■ GOAL OF THE EXERCISE ■
Extract only the lines from the start of the entries below to the line with "潍坊北部和半岛地区天气阴有小", inclusive; omit every picture.

[RECORDS SUPPLIED Boundary: Start]

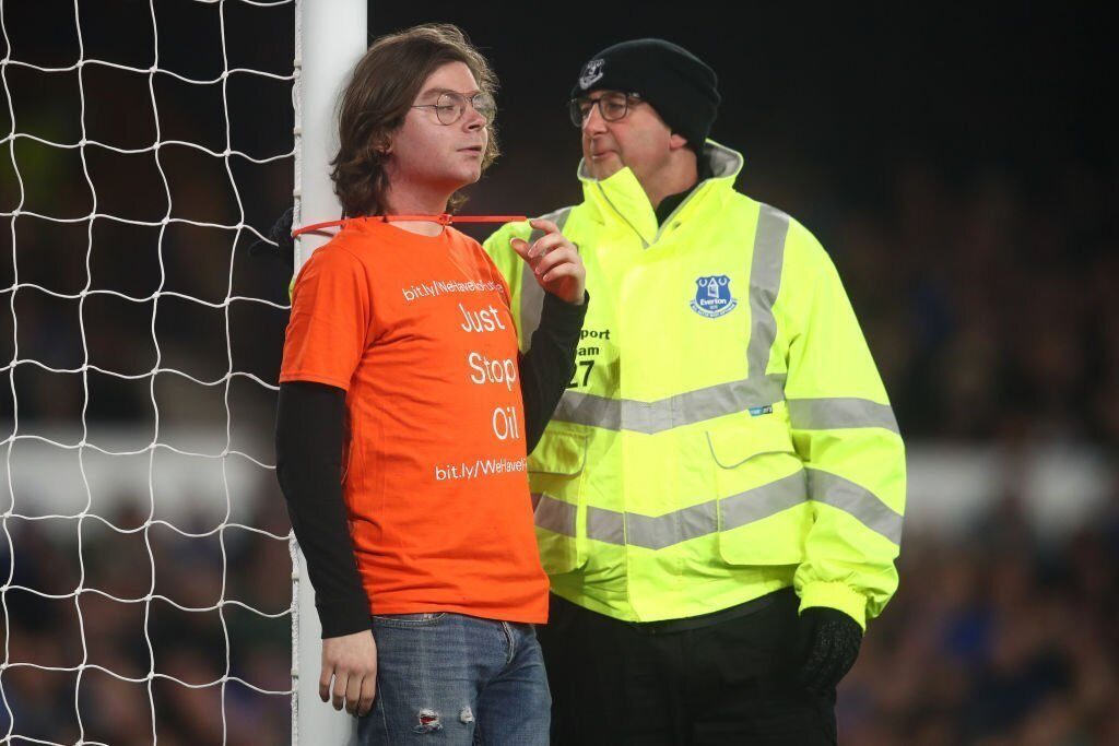 Everton maçında boynunu kale direğine plastik kelepçe ile bağlayan kişinin, Britanya’da fosil yakıt yatırımına karşı çalışan Just Stop Oil adlı aktivist kampanya adına protesto gerçekleştirdiği açıklandı.
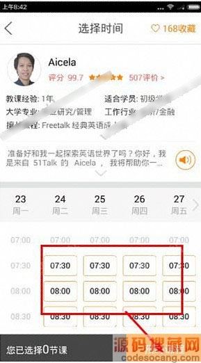 2、进入预约界面,有着外教老师的详情界面,选择预约上课的时间,点击预约课程按钮。
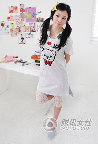 主题二:卡通图案 让心更年轻 “宅”搭配:卡通小熊连衣裙式长Tee+粉蓝x粉红小圆点7分铅笔裤+粉蓝色布鞋+卡通项链
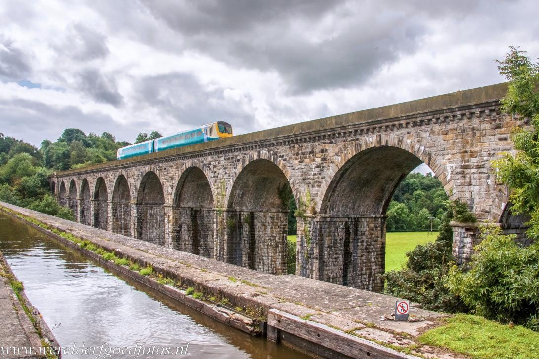 The Chirk Aqueduct and the Chirk Railway Viaduct. The Chirk Aqueduct was designed by Thomas Telford and completed in 1801. The Chirk Aqueduct is 220 metres long and 21 metres high. The masonry walls hide a cast-iron trough. The Chirk Railway Viaduct is slightly higher than the Chirk Aqueduct and was built later alongside the aqueduct.
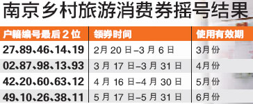 此次发放活动的旅游券消费时间为3月-6月,不过乡村旅游消费券标有使用月份,按月使用,有效期为当月。本次摇号方式,根据江南八区居民户口簿编号的最后两位数字进行摇号,分别摇出3、4、5、6月份乡村旅游消费券的发放户口簿号码,每个月为一组,每组为5个号码。
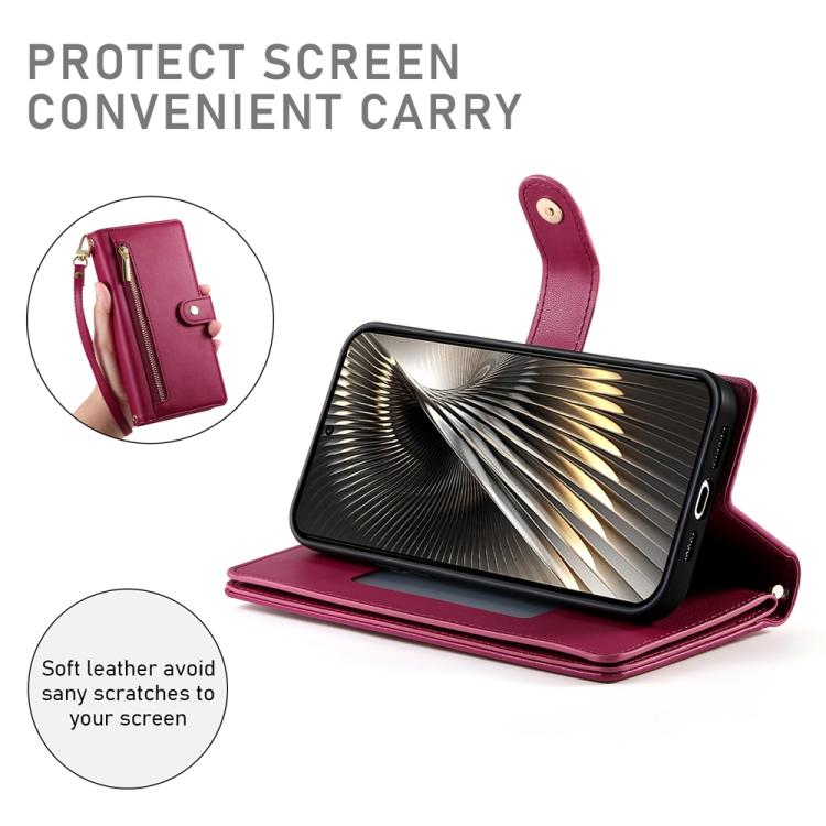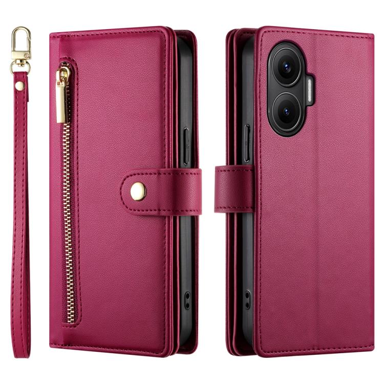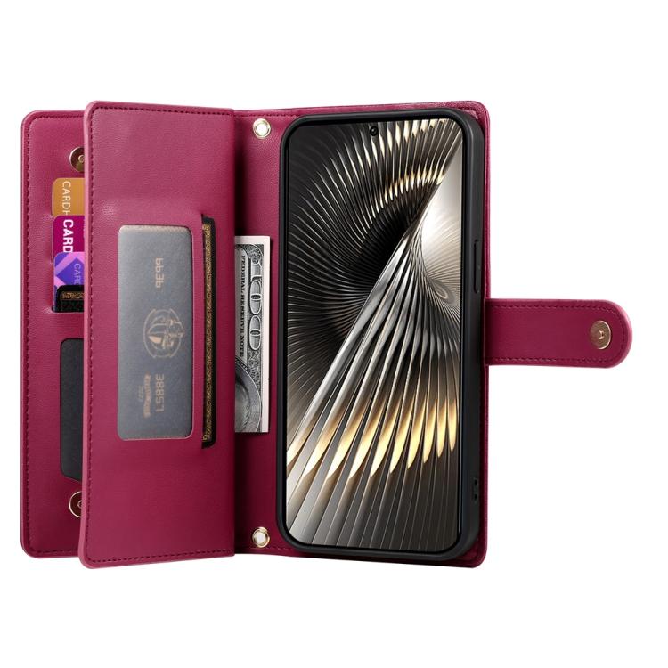 Funda de cuero con cremallera y ranura para tarjetas para Redmi Turbo 4 Pro y Xiaomi Poco F7 (rojo)
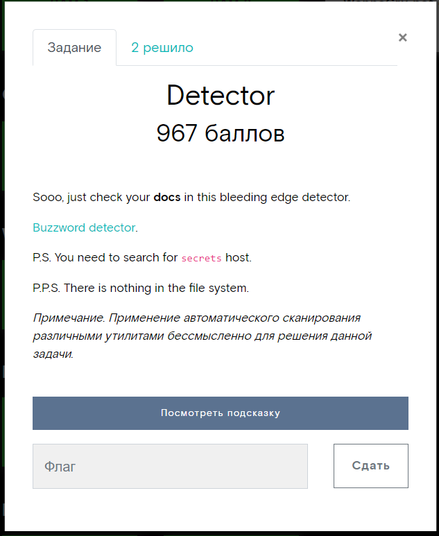 Открываем задание, видим выделенное жирным docs, подсказку с secrets (запоминаем) и кнопку хинта, он пригодится позже.
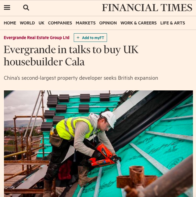 当年底,恒大集团准备收购英国房地产开发商Cala Homes。
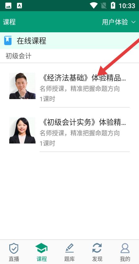 1、課程頁面展示在線課程初級會計分類下經濟法基礎體驗精品課醒目,名師授課介紹精準,1課時標注,幫助用戶挑選會計學習內容。
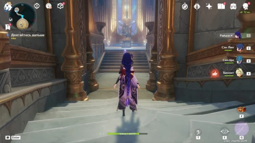Вернитесь на Капитолийский холм и взаимодействуйте со штурвалом, чтобы выпустить ихор по золотому пути. Далее начните плыть вслед за китом, проплывая через ноты и вовремя нажимая на клавишу «Пробел», под красивую мелодию. В конце вы сможете войти в золотой дворец.
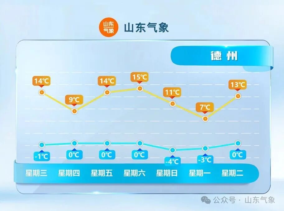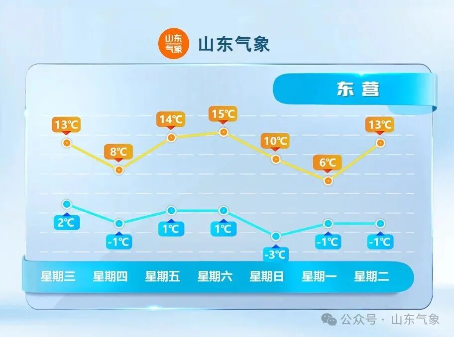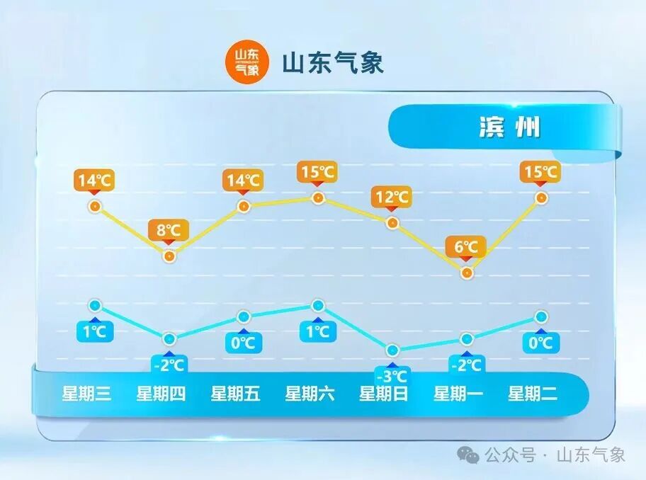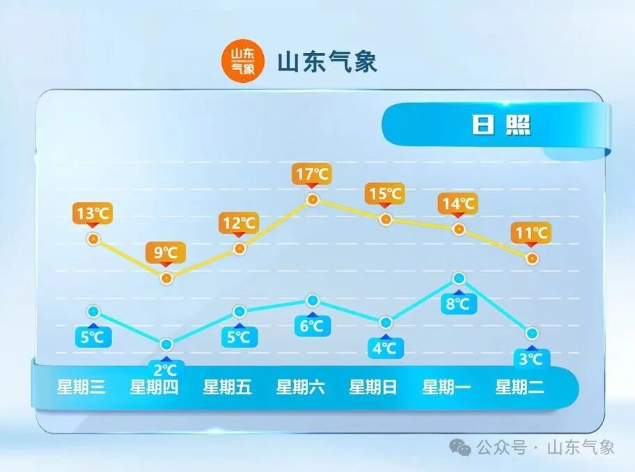 潍坊北部和半岛地区天气阴有小雨雪转晴,其他地区天气晴间多云。东营、潍坊、日照和半岛地区北风5~6级阵风7~8级转南风4级阵风5~6级,其他地区北风4~5级阵风6~7级转南风3~4级。夜间最低气温:滨州、东营、鲁中山区和半岛内陆地区-3~0℃,其他地区1~3℃。最高气温:聊城和菏泽10℃左右,鲁中山区5℃左右,其他地区7℃左右。
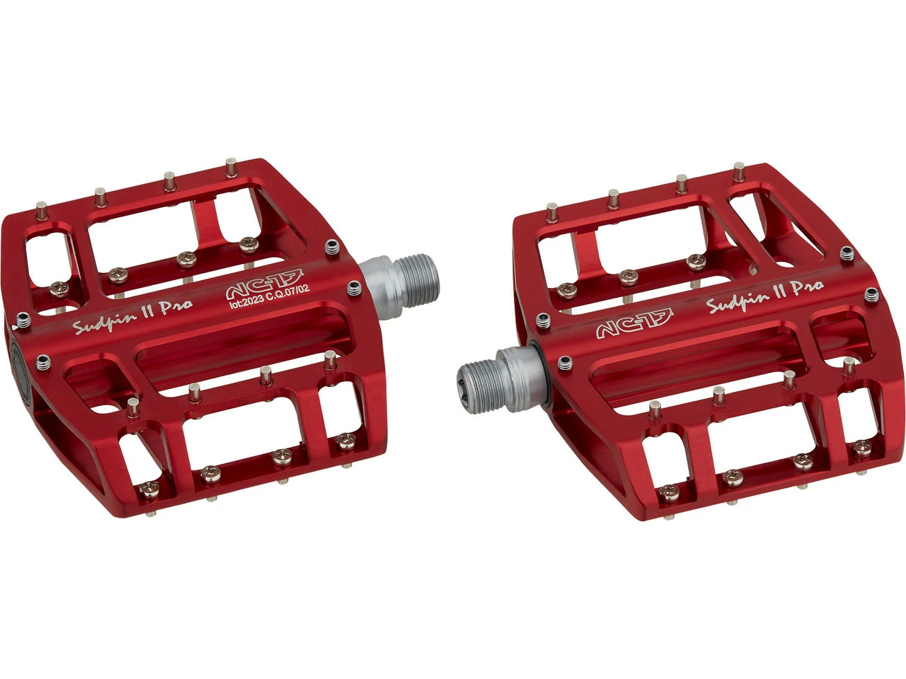 Bei den Sudpin II Pro wird der CNC Körper durch zwei Konuslager ergänzt, was den Preis deutlich drückt aber nicht notwendigerweise das Pedal verschlechtert. Das Sudpin Pro ist 4 mm höher als das S-Pro was sich auch leicht im Gewicht widerspiegelt. Für die, die richtig üben wollen genau das Richtige. Neu ist auch, dass das Sudpin Pro Pedal in rot lieferbar ist. Auswechselbare Pins sind im Lieferumfang enthalten
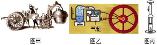 材料一:1769年,法国人居纽制造出蒸汽机推动的三轮汽车(图甲),传统蒸汽机的燃料在气缸外部燃烧(图乙),热效率为5%~8%之间。
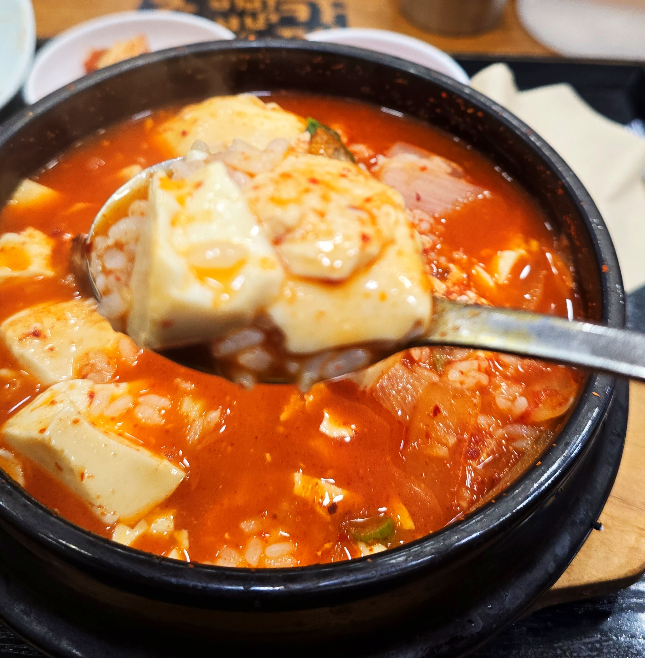 뜨거운 뚝배기에 가득 담긴 순두부찌개는 칼칼한 양념과

[RECORDS SUPPLIED Boundary: End]

■ COMPLETED TASK ■
 Everton maçında boynunu kale direğine plastik kelepçe ile bağlayan kişinin, Britanya’da fosil yakıt yatırımına karşı çalışan Just Stop Oil adlı aktivist kampanya adına protesto gerçekleştirdiği açıklandı.
 2、进入预约界面,有着外教老师的详情界面,选择预约上课的时间,点击预约课程按钮。
 主题二:卡通图案 让心更年轻 “宅”搭配:卡通小熊连衣裙式长Tee+粉蓝x粉红小圆点7分铅笔裤+粉蓝色布鞋+卡通项链
 The Chirk Aqueduct and the Chirk Railway Viaduct. The Chirk Aqueduct was designed by Thomas Telford and completed in 1801. The Chirk Aqueduct is 220 metres long and 21 metres high. The masonry walls hide a cast-iron trough. The Chirk Railway Viaduct is slightly higher than the Chirk Aqueduct and was built later alongside the aqueduct.
 此次发放活动的旅游券消费时间为3月-6月,不过乡村旅游消费券标有使用月份,按月使用,有效期为当月。本次摇号方式,根据江南八区居民户口簿编号的最后两位数字进行摇号,分别摇出3、4、5、6月份乡村旅游消费券的发放户口簿号码,每个月为一组,每组为5个号码。
 Funda de cuero con cremallera y ranura para tarjetas para Redmi Turbo 4 Pro y Xiaomi Poco F7 (rojo)
 Открываем задание, видим выделенное жирным docs, подсказку с secrets (запоминаем) и кнопку хинта, он пригодится позже.
 当年底,恒大集团准备收购英国房地产开发商Cala Homes。
 1、課程頁面展示在線課程初級會計分類下經濟法基礎體驗精品課醒目,名師授課介紹精準,1課時標注,幫助用戶挑選會計學習內容。
Вернитесь на Капитолийский холм и взаимодействуйте со штурвалом, чтобы выпустить ихор по золотому пути. Далее начните плыть вслед за китом, проплывая через ноты и вовремя нажимая на клавишу «Пробел», под красивую мелодию. В конце вы сможете войти в золотой дворец.
 潍坊北部和半岛地区天气阴有小雨雪转晴,其他地区天气晴间多云。东营、潍坊、日照和半岛地区北风5~6级阵风7~8级转南风4级阵风5~6级,其他地区北风4~5级阵风6~7级转南风3~4级。夜间最低气温:滨州、东营、鲁中山区和半岛内陆地区-3~0℃,其他地区1~3℃。最高气温:聊城和菏泽10℃左右,鲁中山区5℃左右,其他地区7℃左右。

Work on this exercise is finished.